EXERCISE - All the records that follow need to be reproduced exactly. Omit the images.

SUPPLIED ENTRIES -
◆ ◆ ◆ ◆ ◆ ◆ ◆
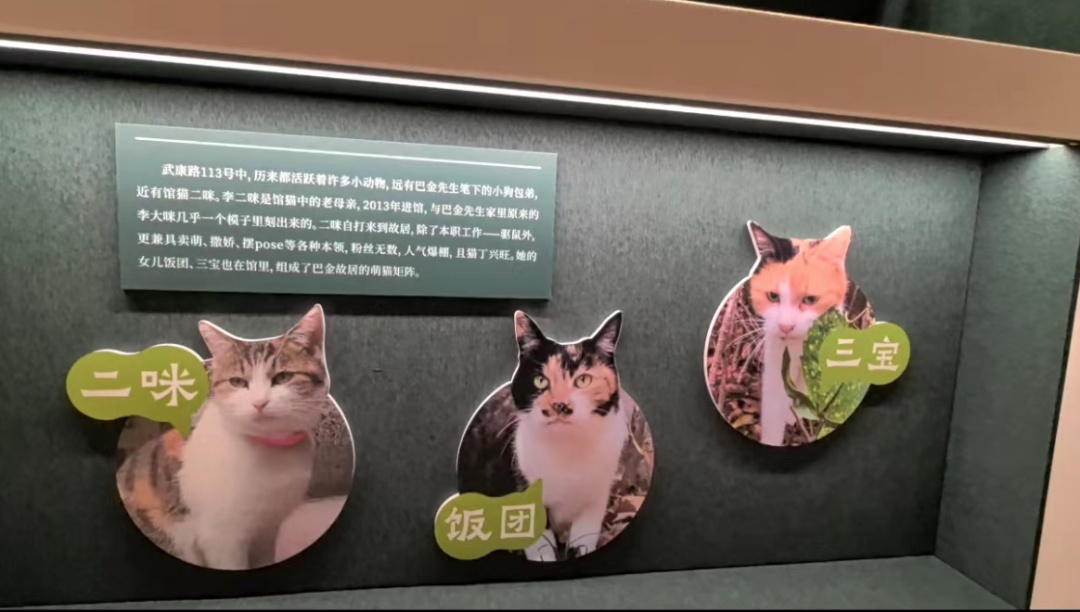 在巴金生活的武康路113号中,历来都活跃着许多小动物,远有巴金笔下的小狗包弟,近有馆猫二咪。据工作人员介绍,李二咪是馆猫中的老母亲,2013年进馆,与巴金家里原来的李大咪几乎一个模子里刻出来的。二咪自打来到故居,除本职工作——驱鼠外,更兼具卖萌、撒娇、摆pose等各种本领,粉丝无数,人气爆棚,且猫丁兴旺。她的女儿饭团、三宝也在馆里,组成了巴金故居的萌猫矩阵。
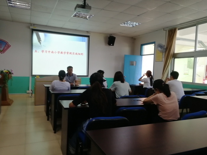 教學(xué)常規(guī)是教學(xué)工作的基礎(chǔ),只有扎實(shí)抓好常規(guī)工作,才能不斷提升教學(xué)質(zhì)量,為進(jìn)一步促進(jìn)課堂教學(xué)改革,培養(yǎng)教師的基本功,提升教師業(yè)務(wù)素質(zhì),確保學(xué)校教學(xué)工作有序高效進(jìn)行。9月29日,中南小學(xué)校長(zhǎng)黃權(quán)炎、教務(wù)主任楊雨對(duì)新教師進(jìn)行了教學(xué)常規(guī)培訓(xùn)。
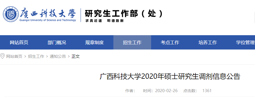 2020考研調劑信息:廣西科技大學2020年研究生招生調劑通知”的相關內容,希望對大家有所幫助!
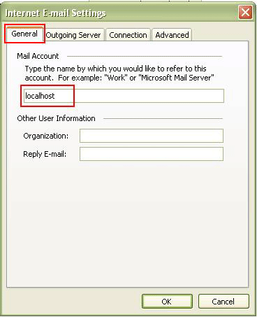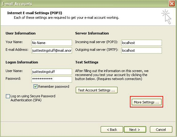 On the E-mail Accounts page, enter the name you would like displayed (this can be left blank for anonymity), Email address, Username, Password and check the box for "Remember Password." For the Incoming and Outgoing server enter the word localhost (all lowercase, no spaces). Click on More Settings to the lower right corner.
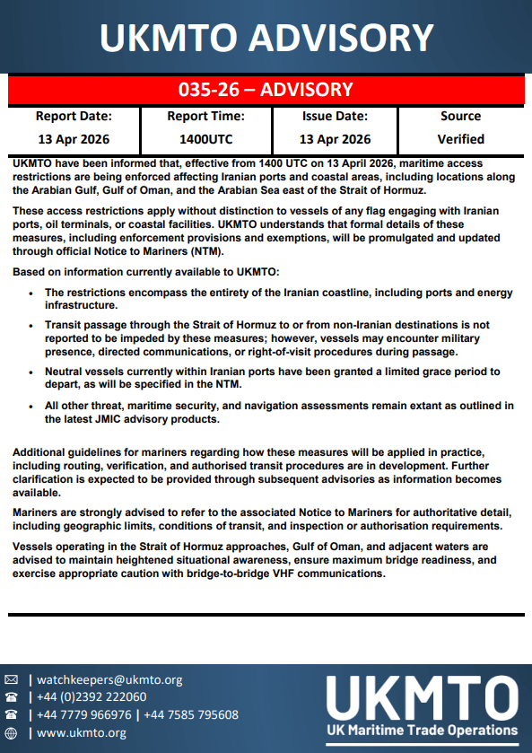 The UK Maritime Trade Operations also confirmed that the U.S. Navy is actively conducting enforcement operations as part of its blockade on Iranian ports and coastal areas.
◆ ◆ ◆ ◆ ◆ ◆ ◆
REPLY TO THE EXERCISE -
 在巴金生活的武康路113号中,历来都活跃着许多小动物,远有巴金笔下的小狗包弟,近有馆猫二咪。据工作人员介绍,李二咪是馆猫中的老母亲,2013年进馆,与巴金家里原来的李大咪几乎一个模子里刻出来的。二咪自打来到故居,除本职工作——驱鼠外,更兼具卖萌、撒娇、摆pose等各种本领,粉丝无数,人气爆棚,且猫丁兴旺。她的女儿饭团、三宝也在馆里,组成了巴金故居的萌猫矩阵。
 教學(xué)常規(guī)是教學(xué)工作的基礎(chǔ),只有扎實(shí)抓好常規(guī)工作,才能不斷提升教學(xué)質(zhì)量,為進(jìn)一步促進(jìn)課堂教學(xué)改革,培養(yǎng)教師的基本功,提升教師業(yè)務(wù)素質(zhì),確保學(xué)校教學(xué)工作有序高效進(jìn)行。9月29日,中南小學(xué)校長(zhǎng)黃權(quán)炎、教務(wù)主任楊雨對(duì)新教師進(jìn)行了教學(xué)常規(guī)培訓(xùn)。
 2020考研調劑信息:廣西科技大學2020年研究生招生調劑通知”的相關內容,希望對大家有所幫助!
 On the E-mail Accounts page, enter the name you would like displayed (this can be left blank for anonymity), Email address, Username, Password and check the box for "Remember Password." For the Incoming and Outgoing server enter the word localhost (all lowercase, no spaces). Click on More Settings to the lower right corner.
 The UK Maritime Trade Operations also confirmed that the U.S. Navy is actively conducting enforcement operations as part of its blockade on Iranian ports and coastal areas.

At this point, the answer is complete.